「日蓮仏法の祈りは、本来《誓願》の唱題なんです。その《誓願》の根本は、広宣流布です。
つまり、『私は、このブラジルの広宣流布をしてまいります。そのために、仕事でも必ず見事な実証を示してまいります。どうか、最大の力を発揮できるようにしてください』という決意の唱題です。これが私たちの本来の祈りです。
そのうえで、日々、自分のなすべき具体的な目標を明確に定めて、一つ一つの成就を祈り、挑戦していくことです。その真剣な一念から、知恵がわき、創意工夫が生まれ、そこに成功があるんです。つまり、『決意』と『祈り』、そして『努力』と『工夫』が揃ってこそ、人生の勝利があります。一攫千金を夢見て、一山当てようとしたり、うまい儲け話を期待するのは間違いです。それは、信心ではありません。それでは観念です。

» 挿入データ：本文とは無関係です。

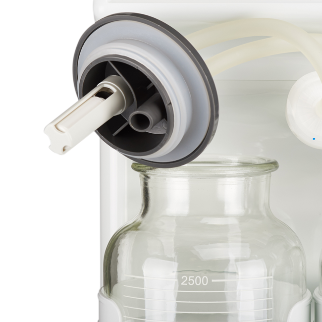 Чтобы не допустить перелив отсасываемой жидкости, на крышке одной из стеклянных емкостей-сборников имеется специальный поплавковый клапан.

仕事は生活を支える基盤です。その仕事で勝利の実証を示さなければ、信心即生活の原理を立証することはできない。どうか、安易な姿勢はいっさい拝して、もう一度、新しい決意で、全魂を傾けて仕事に取り組んでください」
「はい。頑張ります」
壮年の目には、決意がみなぎっていた。
伸一は、農業移住者の置かれた厳しい立場をよく知っていた。そのなかで成功を収めるためには、何よりも自己の安易さと戦わなくてはならない。敵はわが内にある。逆境であればあるほど、人生の勝負の時と決めて、挑戦し抜いていくことである。そこに御本尊の功力が現れるのだ。ゆえに逆境はまた、仏法の力の証明のチャンスといえる。